6. The method of claim 4, wherein, in the case that the attribute information includes the plane information, the determining attribute information for each of the sub-surfaces comprises:

determining a set of adjacent sub-surfaces corresponding to each sub-surface; the adjacent sub-surface comprises a plurality of adjacent sub-surfaces adjacent to the sub-surface;

acquiring an adjacent surface vertex set corresponding to each sub-surface according to the adjacent sub-surface set corresponding to each sub-surface;

establishing a covariance matrix according to the vertex set of the adjacent surface corresponding to each sub-surface; the covariance matrix corresponds to a plurality of eigenvalues;

and determining the plane information corresponding to each sub-surface according to a plurality of characteristic values corresponding to each sub-surface.

7. The method of claim 4, wherein, in the case that the attribute information includes the vertical information, the determining the attribute information for each of the sub-surfaces comprises:

determining a unit normal vector for each of said sub-surfaces;

and determining the vertical information corresponding to each sub-surface according to the unit normal vector of each sub-surface and a preset standard unit normal vector.

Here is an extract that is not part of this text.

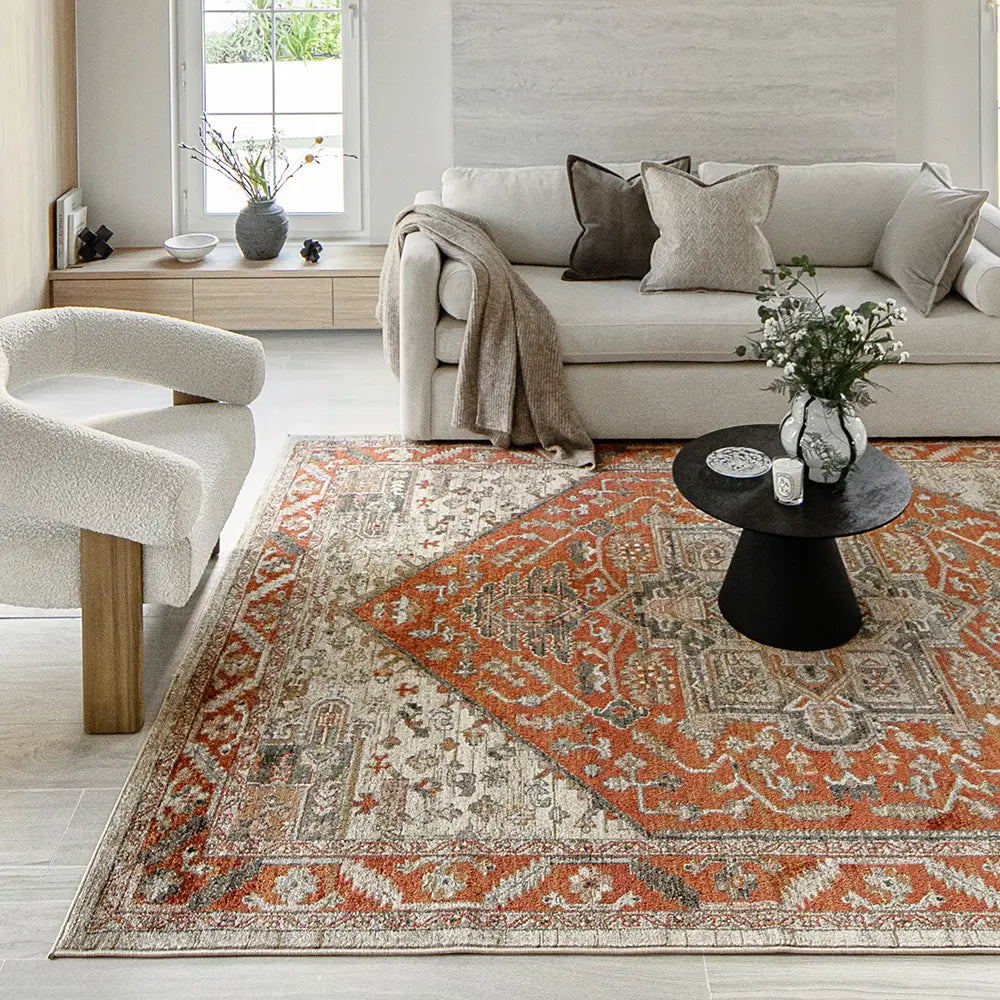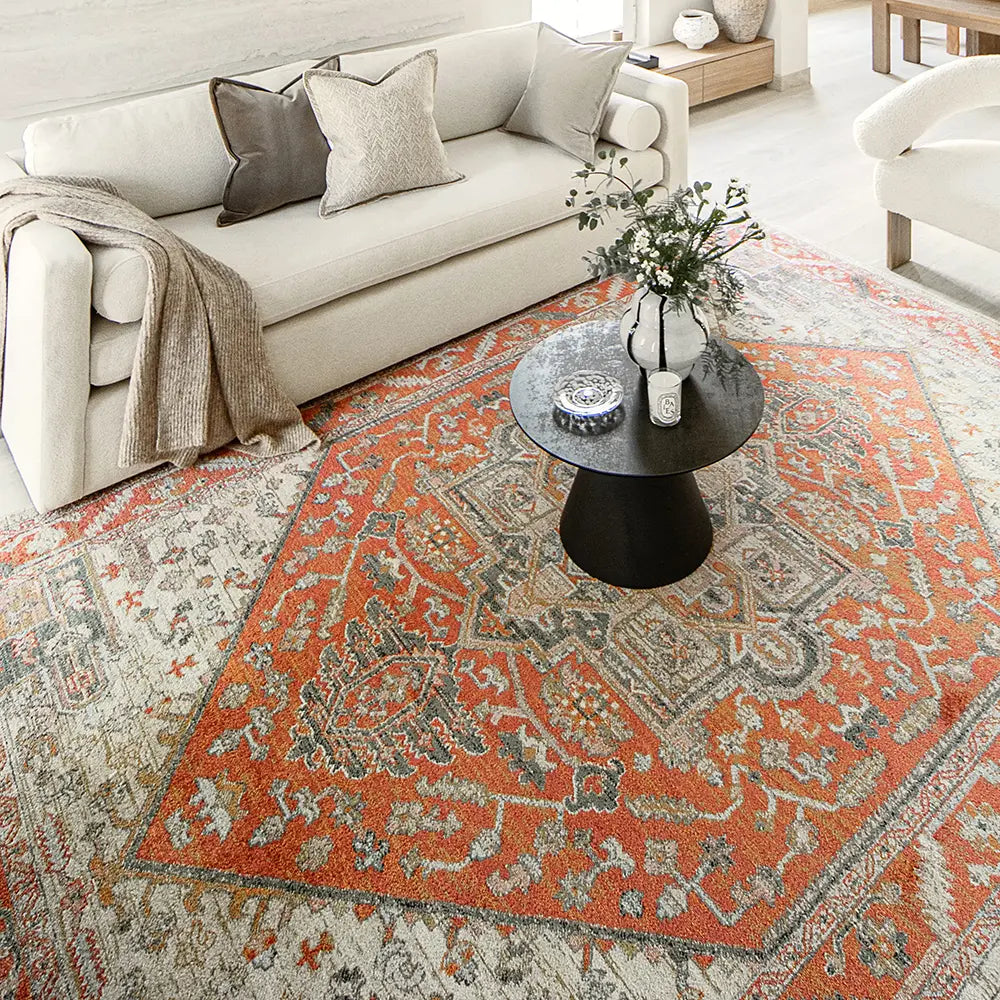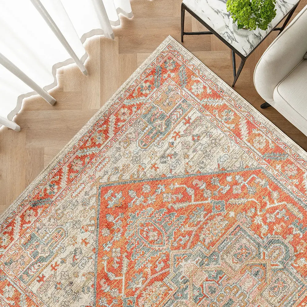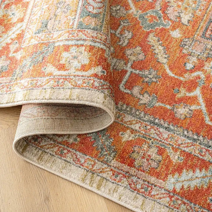 Fresh colours bring this traditional carpet to life. In copper and grey-blue, this medallion rug will brighten up any style of interior, adding a dash of colour without overwhelming your decor.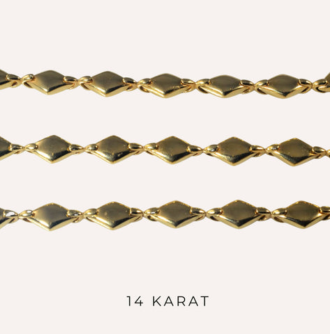 Flattened and formed into a series of small box-like shapes, the box chain is often referred to as the "Venetian chain" and is the ideal chain used when layering due to its fluid, seamless look and dainty style.

8. A semantic segmentation apparatus, comprising:

the first acquisition module is used for acquiring display operation aiming at the three-dimensional model;

the first display module is used for responding to the display operation and displaying the three-dimensional model on a human-computer interaction interface; the human-computer interaction interface comprises a semantic segmentation option;

the second acquisition module is used for acquiring the selection operation aiming at the semantic segmentation option;

9. A semantic segmentation apparatus, comprising:

a memory for storing executable instructions;

a processor for implementing the method of any one of claims 1 to 7 when executing executable instructions stored in the memory.

10. A computer-readable storage medium having stored thereon executable instructions for, when executed by a processor, implementing the method of any one of claims 1 to 7.